Then, the Republican Wisconsin Party counterattacked, filing a Freedom of Information Act Request against Cronon, arguing that since he is a public employee (Wisconsin is a public university), he has to turn over all his email records to the Wisconsin Republican Party.
This hits personally to me for a couple of reasons. First, like Josh Marshall I cannot speak highly enough of Cronon’s academic work. Marshall mentions Cronon’s Changes in the Land, certainly a fantastic book. But for my money, his study of Chicago– Nature’s Metropolis– is simply one of the best and most original books on American history ever written. It is a rare book that both contributed significantly to my thinking about academic topics like urbanization, westward expansion, and industrialization, but also, if I can sound melodramatic, changed the very way I think about the natural environment. A major theme is how the logic of Chicago’s urbanization is intricately tied in with environmental changes miles away (deforestation in Wisconsin, destruction of Nebraska’s prairie, etc…). That the idea that we can divide between rural and urban is complete fantasy: rural America looks the way it does because urban American looks the way it does.

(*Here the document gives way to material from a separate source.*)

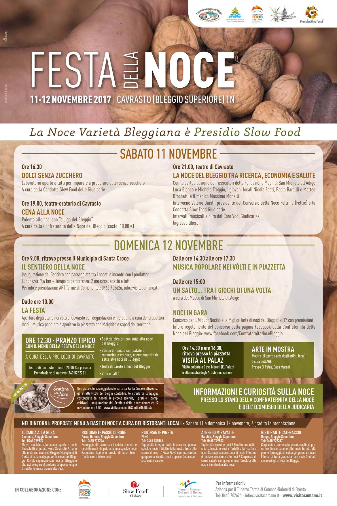 Per la Festa della noce il paese bleggiano si trasforma in una grande comunità enogastronomica, con le case, gli avvolti e le piazze che diventano piccole botteghe per la noce tipica della zona. Coltivata sul soleggiato altipiano fin dal 1550, questa varietà di noce si caratterizza per il gusto gradevole con una tipica nota speziata, il guscio sottile e facile da rompere, le dimensioni ridotte e l’insolita forma allungata. La raccolta comincia nella seconda metà di settembre e si esegue ancora a mano. Le noci si acquistano direttamente dai contadini, che da sempre ne valorizzano il gusto trasformandole in profumate torte, pagnotte fragranti, robusto liquore nocino e il raro salame alle noci.

Nature’s Metropolis is an incredibly deep book, and I’m probably not going to do justice to it. But I took away from it the profound ways that the spread of market relations completely reshape so many aspects of the human experience, often in ways that are completely obscured to people themselves. Land becomes a commodity, and so we get perfectly identical plots of square farmland in Kansas (all the better to buy and sell in New York City by speculators who know nothing about the physical land in Kansas). So do animals and timber, changing the way we interact with non-humans and with forests. Cronon, in a chapter that is only rivaled by E.P. Thompson’s famous essay on work discipline shows how railroads required abstract and predictable time schedules. The result was time zones, where everyone measures time, not by the sun any longer, but by an artificially imposed grid, which pretends that everyone in a massive block of land has the same time. Everywhere the market goes, then, the messy real earth is replaced abstraction, commodification, and a fictional homogenization (fictional because, for instance, every bag of grain is actually different, but we have to pretend it can be classified as the same, so that it can be bought by someone who has never seen it.)
Anyways… the second, and clearest, reason to be offended by the Republicans’ treatment of Cronon is that it is a clear attack on the idea that historians might engage in public debate and dialogue. I’ve constantly been frustrated by the unwillingness of historians to engage in public discourse, and am thrilled when prominent ones try to make their voices heard. This blog was created partly to do our small part in getting the voices of historians out into the world.
And lets be clear, asking for his emails is entirely about silencing Cronon and intimidating other professors who were thinking about speaking out. Yes, they can’t fire him (yet) because tenure is designed to protect people in situations like this. But they can harass him, and publish his personal emails to the world. As Cronon writes, “they’re hoping they can embarrass me enough to silence me as a critic.”
Read the rest of Cronon’s response to this. He is entirely correct, Freedom of Information laws are supposed to allow the people to keep the government accountable. By subverting them, and turning them into tools to silence dissenters, they are being used for the exact opposite effect. If the Bill Cronons of the future stay silent, because they don’t want Scott Walker reading all their emails, democracy loses.
My hope is that, combined with the more general assault on teachers, public universities, and unions (including academic labor unions), American academics might start to wake up a bit, and re-engage publicly. If it can happen to Cronon, who with his prestige, tenure, and moderate reputation, is as well-protected as one can possible get, it can happen to anyone.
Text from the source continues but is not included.